Les berbères avant l’Islam, n’avaient pas été des fondateurs de grands empires ou d’une civilisation « complète », influençant les autres nations. L’Islam, pour les berbères, – comme d’ailleurs pour les arabes, les turcs, les africains, les perses et les autres -, a été un nouveau souffle providentiel, les propulsant (de nouveau pour certaines nations) au-devant de l’histoire, produisant des arts et des sciences, ayant forgé une multitude de poètes, de scientifiques, de saints, de mathématiciens, de théologiens, de juristes, d’artistes, de commandants et de chefs charismatiques.

Mais face au racisme et à « l’orgueil racial », il est bon de rappeler quelques sagesses émanant de maîtres (ici arabo-berbères) :

Le maître Serradj Eddin Omar ben al-Wardi a dit : « Ne vantez jamais vos racines et votre origine, l’originalité d’un homme est dans ses actions ».

D’autres ont dit : « Que tu sois le fils de qui tu veux, donne-toi une bonne éducation, celle-ci te sera plus enrichissante que l’origine,

l’homme est celui qui dit : me voici,

et non pas celui qui dit : mon père était » (3).

La question maintenant, qu’il faut se poser, est de voir si cette tendance générale, qui était positive au 14e siècle, correspond aussi à la réalité contemporaine ? Et là, les observations convergent toutes, y compris chez les arabo-berbères (que l’on nomme généralement « maghrébins ») (4), pour constater que la tendance générale, sur de nombreux points, ne correspond plus au portrait dressé par Ibn Khaldûn (5), et qu’il faut donc y remédier, par l’institution et la refondation d’une éducation saine, reposant sur le noble héritage du passé, tout en se gardant bien de tomber dans une certaine forme de sectarisme ou de rigidité, et en intégrant les acquis et données bien établis des disciplines contemporaines, avec la vision holistique de la perspective islamique. Et quant aux qualités qu’il décrit concernant les berbères, cela peut très bien s’appliquer à des individus appartenant à des communautés différentes (communautés africaines, arabes, turques, persanes, caucasiennes, européennes, asiatiques, …) sur le plan individuel. L’existence de saints dans toutes les communautés ethniques qui composent la Communauté musulmane en est la preuve éclatante.

Notes :

(1) Pour une analyse intéressante sur cette problématique « moderne », qui est sans cesse ravivée, voir les ouvrages de Hamza Benaïssa : Le Maghreb dans le discours des sciences humaines et sociales (éd. Fiat-Lux, 2016), Tradition et Identité (éd. El Maarifa, 2016) et Quelques Remarques Sur l’Histoire de l’Afrique du Nord (éd. El Maarifa, 2016).

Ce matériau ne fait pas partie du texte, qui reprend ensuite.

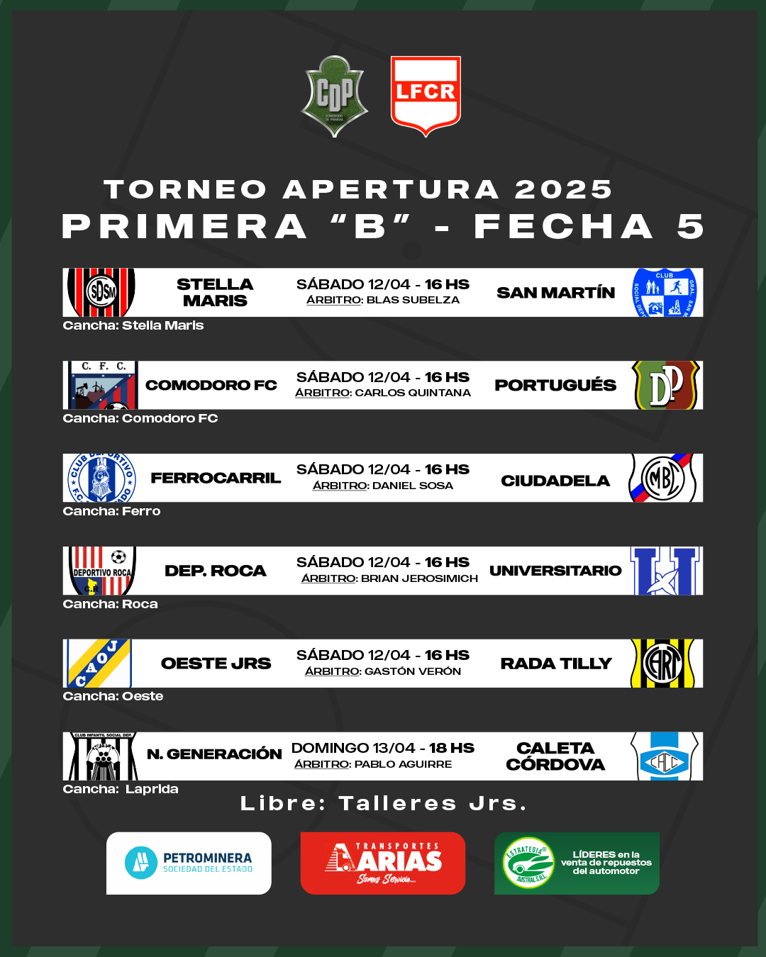 Un Universitario necesitado visita a Deportivo Roca, otro escolta con 9 puntos, buscando sus primeros puntos. Brian Jerosimich será el referí. Stella Maris y San Martín buscarán sus primeras victorias cuando se midan entre ellos, ambos se encuentran con un punto. Blas Subelza arbitrará el partido.
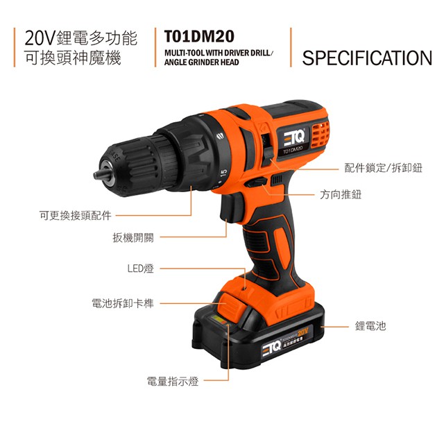 【ETQ USA】20V鋰電多功能可換頭神魔機/台灣現貨/交換禮物/年末大掃除|ETQ旗艦店
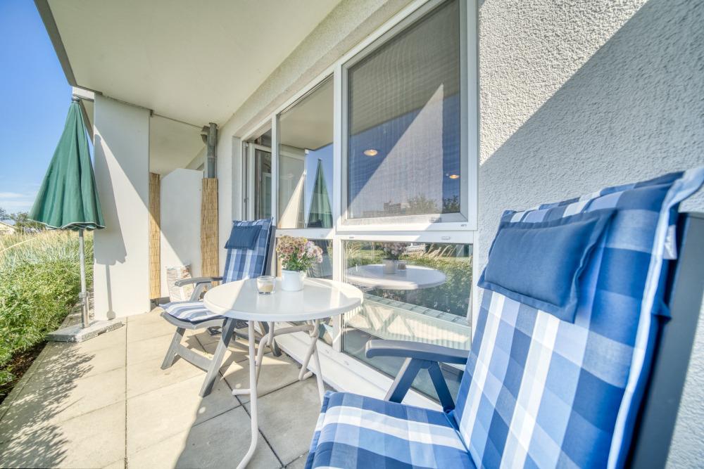Für 2–3 Personen, südliche Terrasse mit Strandkorb
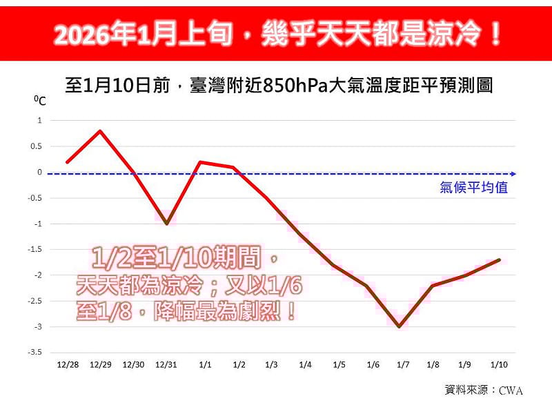 他表示,明年1月1日白天起,氣溫雖會逐步、緩慢回升,但回溫幅度相當有限;到了1月2日下半天後,氣溫又將再度轉為下滑趨勢,接下來一直到1月10日,若與氣候平均值相比,逐日氣溫皆偏低。

(2) Cité aussi par Kamel Chachoua, L’Islam kabyle – religion, Etat et société en Algérie suivi de L’Epitre (Rissala) d’Ibnou Zakri (Alger, 1903) Mufti de la Grande Mosquée d’Alger, éd. Maisonneuve & Larose, 2001, pp. 374-375.

(3) Cité par Ibn Zakri Mohammed Saïd al-Djanadi Zawawi dans sa Rissala.

(4) Certains pensent encore qu’ils sont « purement » berbères ou « purement » arabes sur le plan génétique, alors qu’il y a eu un brassage génétique qui a touché la majorité des habitants, et pas seulement sur le plan génétique, mais aussi concernant la langue, la culture, etc. Leur identité est donc plurielle depuis déjà plus d’un millénaire.

(5) Ibn Khaldûn (1332-1406) était un musulman d’origine arabe né à Tunis (dans le maghreb actuel). Très connu en tant qu’historien et sociologue, il avait cependant aussi été formé dans de nombreuses autres disciplines, telles que l’apprentissage du Qur’ân (qu’il mémorisera dans son intégralité) et de son exégèse, le fiqh (droit musulman), la ‘aqida (théologie), la langue arabe, les sciences du hadîth, la poésie, la logique, la médecine, la philosophie, les mathématiques, l’astronomie, la chimie, la psychologie, le tasawwûf, les sciences politiques, la démographie, l’étude des textes bibliques, etc.